1Department of Computer Science and Information, College of Science, Majmaah University, Majmaah, Saudi Arabia

2Mars Laboratory, University of Sousse, Sousse, Tunisia

3Department of Computer Science, Higher Institute of Computer Science and Mathematics, University of Monastir, Monastir, Tunisia

4Department of Mathematics, Faculty of Science, Zagazig University, Zagazig, Egypt

5Department of Information Technology, College of Computing and Information Technology at Khulis, University of Jeddah, Jeddah, Saudi Arabia

6Department of Electrical Engineering, College of Engineering, Majmaah University, Majmaah, Saudi Arabia

DOI: 10.7717/peerj-cs.1543

Published: 2023-11-01
Accepted: 2023-07-26
Received: 2023-01-20

Academic Editor: Arun Somani

Subject Areas: Algorithms and Analysis of Algorithms, Computer Networks and Communications, Data Science, Security and Privacy
Keywords: Cybersecurity, Data-dissemination, Packet-transmission, Algorithms, Big data, Networks

Copyright: © 2023 Otoom et al.
Licence: This is an open access article distributed under the terms of the Creative Commons Attribution License, which permits unrestricted use, distribution, reproduction and adaptation in any medium and for any purpose provided that it is properly attributed. For attribution, the original author(s), title, publication source (PeerJ Computer Science) and either DOI or URL of the article must be cited.

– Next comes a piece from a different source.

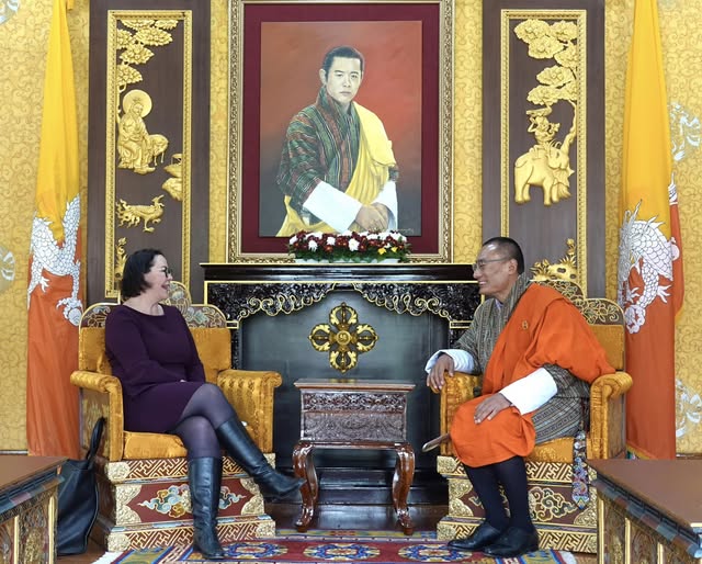དེ་བསྒང་ མི་རྗེ་བློན་ཆེན་གྱིས་ ཨམ་ཧེར་ཤི་གིས་ ཁྱད་དུ་འཕགས་པའི་ གནས་ཡུན་ནང་ འཛམ་གླིང་སྤྱི་ཚོགས་དང་ འབྲུག་གཞུང་གི་བར་ན་ མཉམ་འབྲེལ་རྩ་བརྟན་བཟོ་ནི་ལུ་ བརྩི་མཐོང་ཅན་གྱི་ ཕན་ཐོགས་བྱུང་མི་ལུ་ བསྟོད་བསྔགས་མཛད་ཡོདཔ་ཨིན་པས།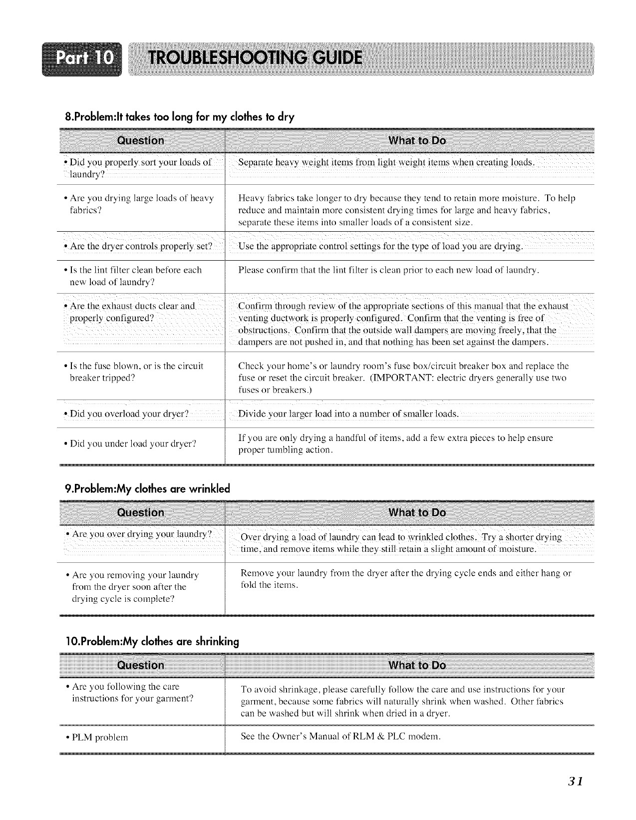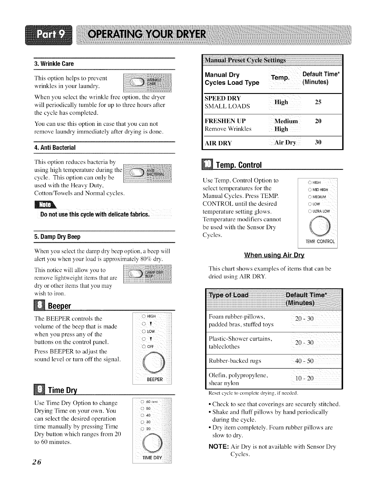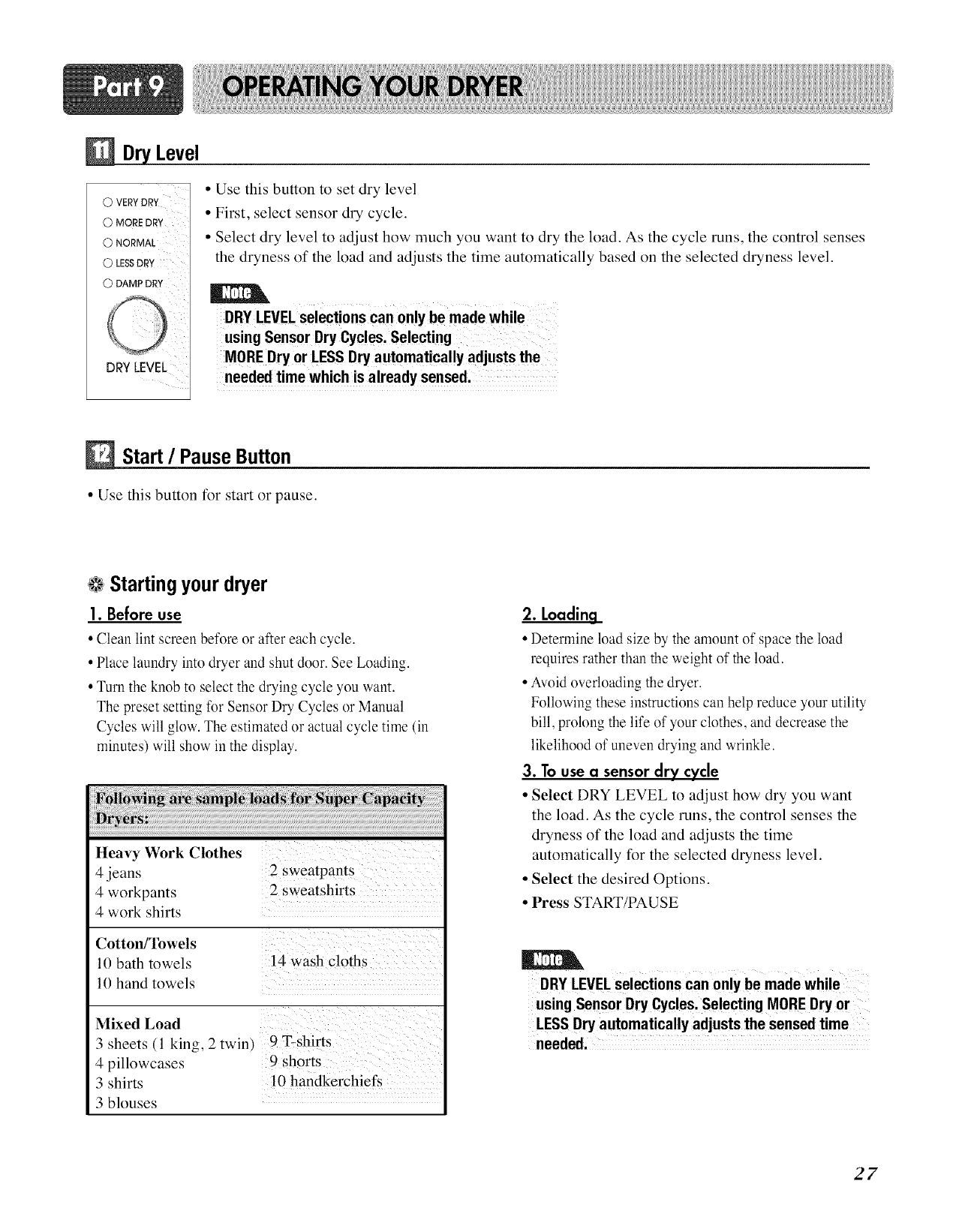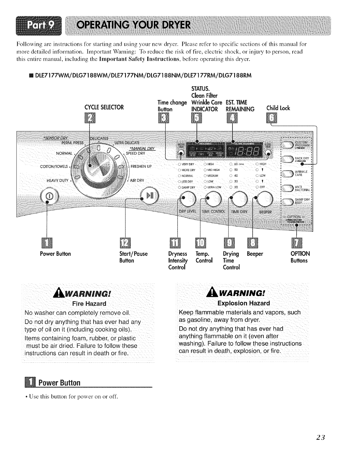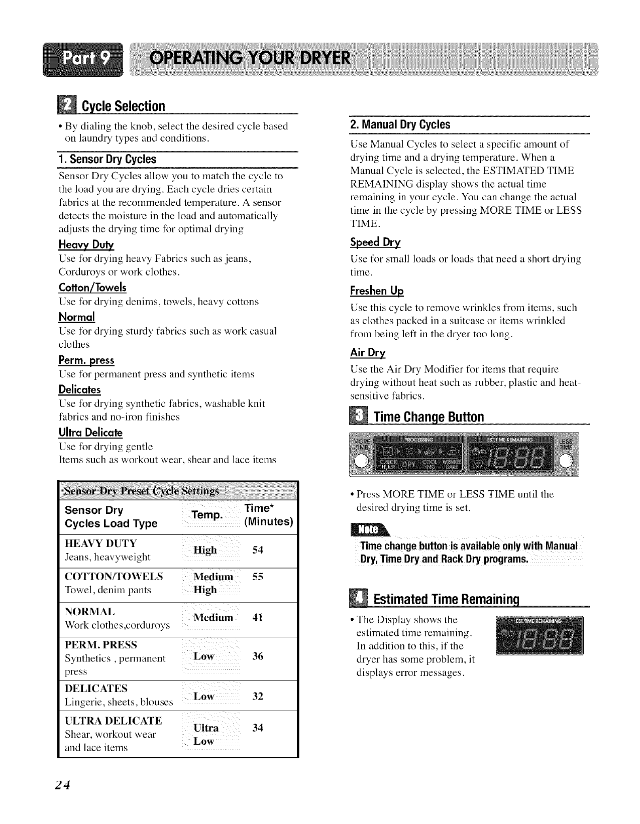 PART9. OPERATING YOUR DRYER ............................................................................................................................................................................................ 23-30

Cite this article: Otoom MM, Jemmali M, Khedr WM, Sarhan AY, Achour I, Alsaduni I, Bajahzar A, Omri MN. 2023. Scheduling algorithms for data-protection based on security-classification constraints to data-dissemination. PeerJ Computer Science 9:e1543 https://doi.org/10.7717/peerj-cs.1543

Abstract

Communication networks have played a vital role in changing people’s life. However, the rapid advancement in digital technologies has presented many drawbacks of the current inter-networking technology. Data leakages severely threaten information privacy and security and can jeopardize individual and public life. This research investigates the creation of a private network model that can decrease the number of data leakages. A two-router private network model is designed. This model uses two routers to manage the classification level of the transmitting network packets. In addition, various algorithmic techniques are proposed. These techniques solve a scheduling problem. This problem is to schedule packets through routers under a security classification level constraint. This constraint is the non-permission of the transmission of two packets that belongs to the same security classification level. These techniques are the dispatching rule and grouping method. The studied problem is an NP-hard. Eight algorithms are proposed to minimize the total transmission time. A comparison between the proposed algorithms and those in the literature is discussed to show the performance of the proposed scheme through experimentation. Four classes of instances are generated. For these classes, the experimental results show that the best-proposed algorithm is the best-classification groups’ algorithm in 89.1% of cases and an average gap of 0.001. In addition, a benchmark of instances is used based on a real dataset. This real dataset shows that the best-proposed algorithm is the best-classification groups’ algorithm in 88.6% of cases and an average gap of less than 0.001.

Introduction

Most organizations use common countermeasures such as firewalls, antivirus, and antispyware software, intrusion models, virtual private networks (VPNs), and data encryption in transit to tackle the attacks (Li, 2018). However, such methods are not fully effective. Therefore, several methods and research have been conducted to predict attacks to deal with the increased unpredictable number of cyber-attacks. For example, machine learning, time series, Markov models, data mining, and Bayesian networks are popular methods to predict cyber-attacks (Husák et al., 2018).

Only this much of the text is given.